Elaina Parrillo is currently a candidate for her DNP Pediatric Primary Care NP and PhD at the Johns Hopkins University School of Nursing. She is researching how to improve cancer survivorship care for children and families during the transition to school. Her work focuses on how parent perceptions of the support they have received during their child’s transition to school and their understanding of the available resources and needs of a pediatric cancer survivor influence their child’s psychosocial wellbeing during the initial transition to school. She is excited to research best practices in the field of pediatric cancer survivorship and translate the findings to the nursing care of pediatric patients and their families in the primary care setting.
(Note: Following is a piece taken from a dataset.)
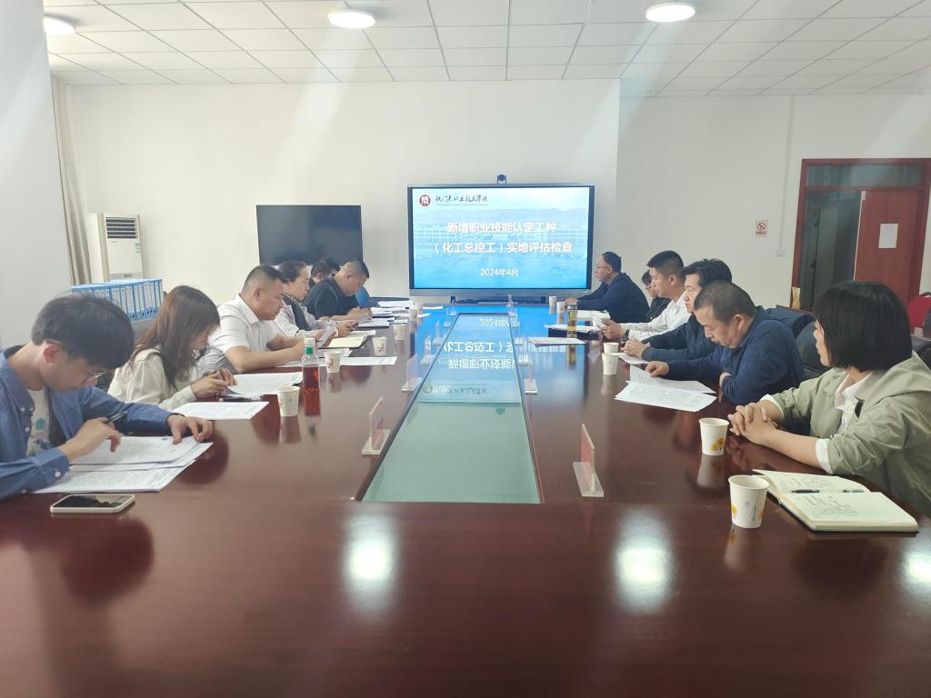 评估过程中,学院领导代表学院对新增化工总控工认定工种进行汇报,评估组了解了该工种的职业技能要求、培养方案以及学院的师资力量、教学设施等情况。随后,评估组实地考察了学院的化工实训基地,查看了实训设备、安全设施以及实训教学流程,并与师生进行了深入交流。

Elaina intends to use her degree to work at both a research-intensive university and in primary care to advance pediatric survivorship care. This scholarship supports her goal of becoming a nurse-clinician scientist in the field of cancer survivorship care for children and their families during the transition back to school.

Rhonda Smith Wright

Rhonda Smith Wright is in her fourth year as a PhD candidate at Johns Hopkins University School of Nursing. She first became passionate about improving treatment access and outcomes for marginalized and underrepresented populations in 2003, during her service as an administrator and later deputy assistant commissioner in the Baltimore City Health Department. In that role she managed oversight and data collection of health promotion, disease prevention, and surveillance programs addressing the spread of TB, HIV, and sexually transmitted infection. From this perspective, she could clearly see the obvious disparities in health outcomes that disproportionately affected communities of color and resource-deprived neighborhoods. Through this experience she became acutely aware of the many complex factors – social, economic, geographic, etc. – that play a role in the successful prevention and treatment of communicable diseases, as well as how the impact of these factors is exacerbated in racially segregated cities and low-resource settings. Ms. Wright is determined to develop a program of research at JHU that incorporates the use of community-level data, health outcomes, and nursing interventions to address health inequity.